We constructed another gene downstream of shTERT called tRNA, which encodes an unusual transfer RNA(tRNA) with a CUA anticodon. The tRNA(CUA) that is produced can be charged with Acetyllysine(Ack) with the help of Acetyllysine tRNA synthetase(AckRS). It is also the first step in translating UAG amber codon.

In our project, when shTERT is activated inside bladder cancer cell, downstream tRNA sequence can be expressed to produce tRNA with CUA as its anticodon. Together with AckRS, tRNA can carry Ack and pair with the amber UAG stop codon of the mRNA chain to completely produce the interest protein.Our unnatural amino acid orthogonal system consists of three devices(plasmids).

(1)hUPll+AckRS(BBa_K1722007): hUPll is a bladder-cell specific promoter. when it's activated, AckRS, a tRNA synthetase, will be produced.
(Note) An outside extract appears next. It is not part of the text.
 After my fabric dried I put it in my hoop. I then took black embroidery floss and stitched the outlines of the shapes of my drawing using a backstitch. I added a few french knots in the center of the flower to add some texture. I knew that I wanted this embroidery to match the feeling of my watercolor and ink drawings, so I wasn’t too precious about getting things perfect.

(2)hTERT+tRNA(BBa_K1722010)/ shTERT+tRNA(BBa_K1722011): hTERT and shTERT are cancer-cell specific promoters. tRNA can be expressed out when the promoter is activated.
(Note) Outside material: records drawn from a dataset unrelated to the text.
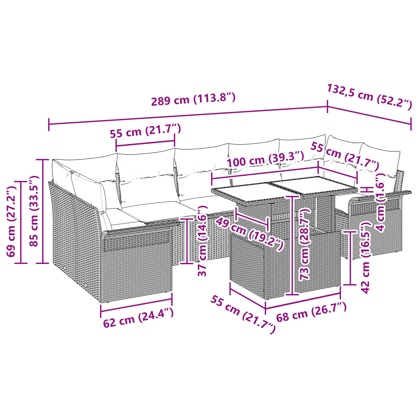 Tahle modulární zahradní sedačka je absolutní hit pro relaxaci venku na vaší zahradě nebo terase. Její moderní, minimalistický design má čisté linie a funkční tvar, který vás zve k odpočinku. Flexibilita vám umožní uspořádat ji podle jakékoli příležitosti, od malých setkání až po velké párty. Kombinace polyratanu a akáciového dřeva dává skvělou texturu a přírodní vzhled, což vytváří útulnou atmosféru ideální pro jarní a letní dny. Ať už hostíte přátele, nebo si vychutnáváte klidné odpoledne, tahle souprava se hodí do všech typů prostředí.
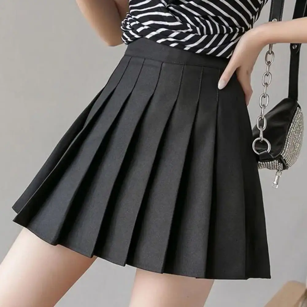 Summer Women High Waist A-line Loose Hem Skirts Harajuku Korean Style Black Mini Pleated Skirts For Women юбка летняя
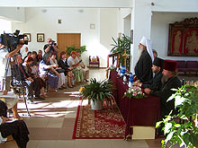 В домовой церкви учебного корпуса прихода иконы Божией Матери «Всех скорбящих Радость» прошла пресс-конференция по случаю принесения Десницы Предтечи и Крестителя Господня Иоанна в г. Минск с представителями СМИ Беларуси и России. В пресс-конференции приняли участие: митрополит Минский и Слуцкий Филарет, вице-президент Фонда Андрея Первозванного М.И. Якушев, архимандрит Алексий (Шинкевич), настоятель Скорбященского прихода прот. Игорь Коростелёв, иеромонахи Кирилл и Пётр, Цетинский монастырь (Черногория).

(3)SV40+Rluc(BBa_K1722012): SV40 is a widely used strong promoter. Rluc is a reporter that can produce RLUC which is a kind of luciferase.
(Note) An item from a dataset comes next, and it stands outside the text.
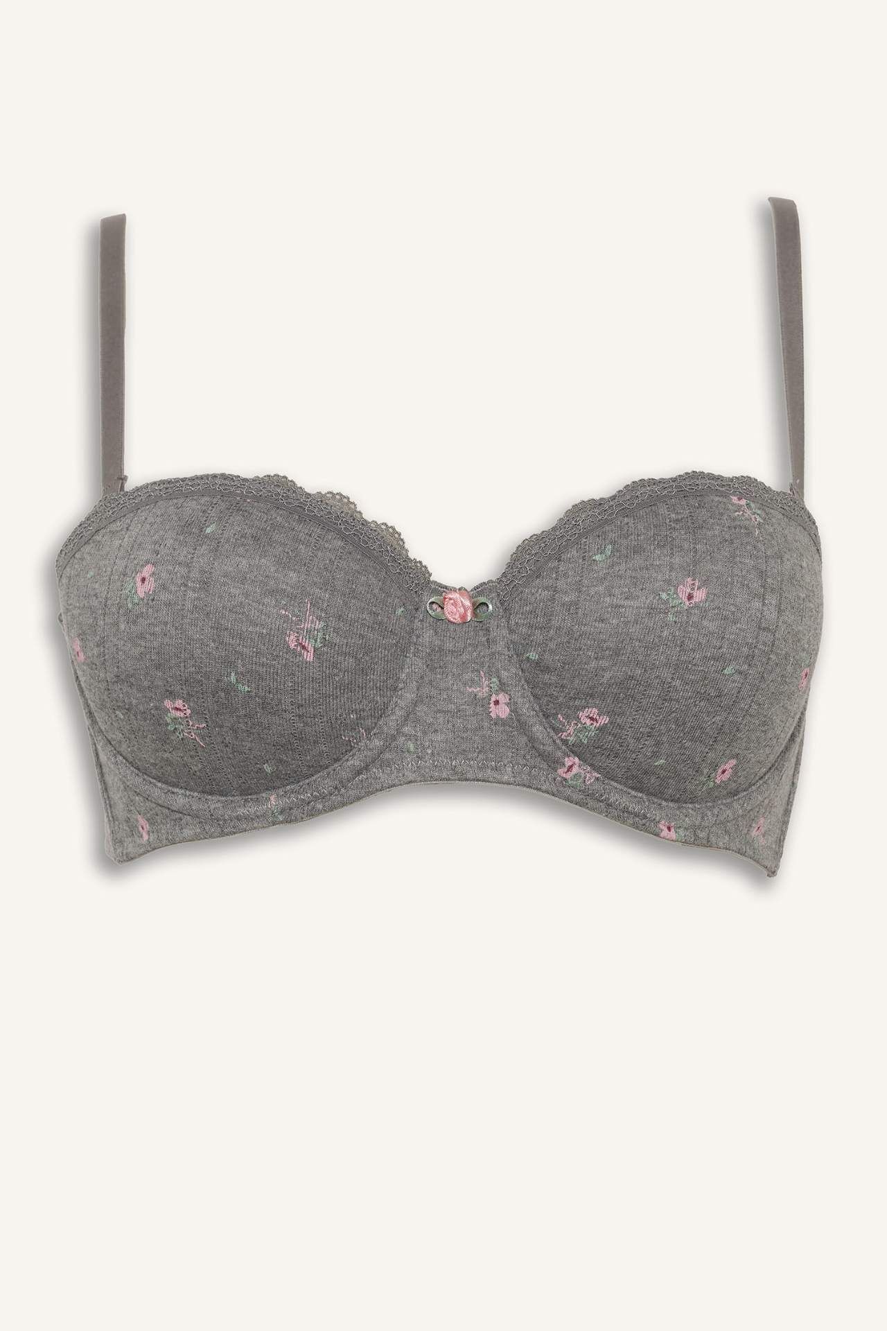 Dantel Detaylı Kaplı Pedsiz Balenli Balkonet Sütyen

There is an amber stop codon UAG in the sequence of Rluc. The tRNA that is produced from the second plasmid has CUA as its anticodon, which can pair with the stop codon of the mRNA chain of Rluc. AckRS can achieve the attachment of Ack, the unnatural amino acid, and the tRNA. In this way, when all the three promoters are activated inside bladder cancer cell, Ack can be charged to the specific tRNA and then the anticodon of tRNA can pair with the stop codon on the mRNA chain of Rluc. In natural condition, this Rluc gene cannot be fully expressed because of the amber stop codon. However, with our orthogonal system, it can be produced and detected.

The three plasmids that we've constructed were inserted into three lines of cells(HFC, Hela and 5637). HFC is short for Human Fiber Cells, which is a kind of normal cell in human bladder. Hela and 5637 are cervical cancer cell line and bladder cancer cell line, respectively. We set two groups in each cell lines, one have Ack, an unnatural amino acid, in the culture medium, and another do not have it. The luminescence intensity of 5637 with Ack in the medium is much higher than other groups, which indicates that the specificity of the two promoters are high enough and our orthogonal system is working.(Fig. 2)

We also constructed two plasmids and three plasmids system with GFP as their reporter gene. These systems were transfected into T24, a kind of bladder cancer cell. The working efficiency of our orthogonal system can be detected by comparing the luminescence intensity of green fluorescent of each groups. Two plasmids system is composed of hUPll-AckRS-GFP(amber mutated) and hTERT-tRNA. And the construction members of three plasmids system include hUPll-AckRS, hTERT-tRNA and SV40-GFP(amber mutated). Each system is divided into two groups: one have Ack in the medium and another one do not have Ack. Adding a positive control group, which is constructed by hUPll-GFP(wild-type), we have five groups of bladder cancer cells in total. Luminescent intensity results are shown in Fig. 3.

As we can see, no cell in Two Plasmids-no Ack Group and Three Plasmids-no Ack Group produce green fluorescent light. In Two Plasmids-with Ack Group and Three Plasmids-with Ack Group, however, is full of luminescent cells. From this result, we can tell our orthogonal system work efficiently.

Sequence and Features

Design Notes

Both shTERT promoter and tRNA are achieved from Shenzhen Second People's Hospital. We designed primers and amplified the gene sequences from psi-Check2 vector. Using 3A Assembly method, we constructed hTERT and tRNA in pSB1C3.

Source

Both shTERT promoter and tRNA are achieved from Shenzhen Second People's Hospital.

References

[1]Zhuang CL, Fu X, Liu L, et al. Synthetic miRNA sponges driven by mutant hTERT promoter selectively inhibit the progression of bladder cancer. Tumor Biol. 2015

[2]Wu S, Huang P, Li C, Huang Y, Li X, Wang Y, et al. Telomerase reverase transcriptase gene promotor mutations help discern the origin of urogenital tumors: a genomic and molecular study. Eur Urol. 2014;65(2):274–7.